Alexander Stewart (c. 1220 – 1282), known as Alexander of Dundonald, was a Scottish magnate who in 1241 succeeded his father as hereditary High Steward of Scotland.

Origins
He was the son of Walter Stewart, 3rd High Steward of Scotland.

Career
He apparently fought on the Seventh Crusade under King Louis IX of France, during which his younger brother John was killed at Damietta in Egypt in 1249. He also seems to have made a pilgrimage to Santiago de Compostela in Spain and in honour of the saint baptised his eldest surviving son James, a name rare before then in Scotland. In 1255 he appears as one of the Regents of Scotland during the minority of King Alexander III. He seems to have commanded the right wing of the armed force which, at Largs in October 1263, successfully defended Scotland against attempted invasion by King Haakon IV of Norway. It appears to have been in his time that the Stewarts acquired the lordship of the Cowal peninsula, with their castle at Dunoon. He is recorded as playing a prominent part in affairs during the reign of Alexander, being referred to as senescallus Scotie (steward of Scotland) instead of the older dapifer regis Scotie (steward of the king of Scotland), so indicating that he held a major office of state that was significant nationally rather than just being a courtier in the royal household. 
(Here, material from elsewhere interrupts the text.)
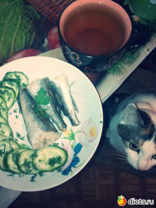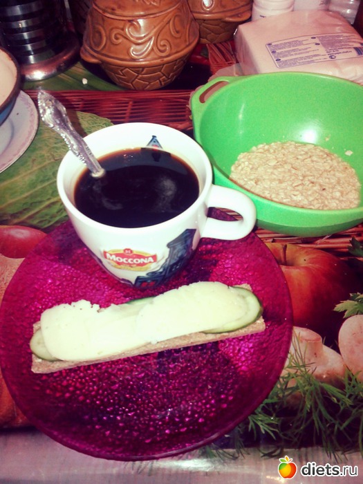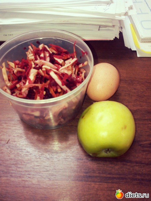 Ещё вареное яйцо было съедено, половинку яблока так же не осилила

He died in 1282, and was succeeded by his son James.

Family
His wife is said to have been named Jean, and they had four documented children:
James Stewart, 5th High Steward of Scotland
Sir John Stewart of Bonkyll
Elizabeth Stewart, who married Sir William Douglas the Hardy.
Hawise Stewart, who married John de Soules

References

Bibliography
 Lauder-Frost, Gregory, F.S.A.Scot., "East Anglian Stewarts" in The Scottish Genealogist, Dec.2004, vol.LI, no.4., pps:151-161. 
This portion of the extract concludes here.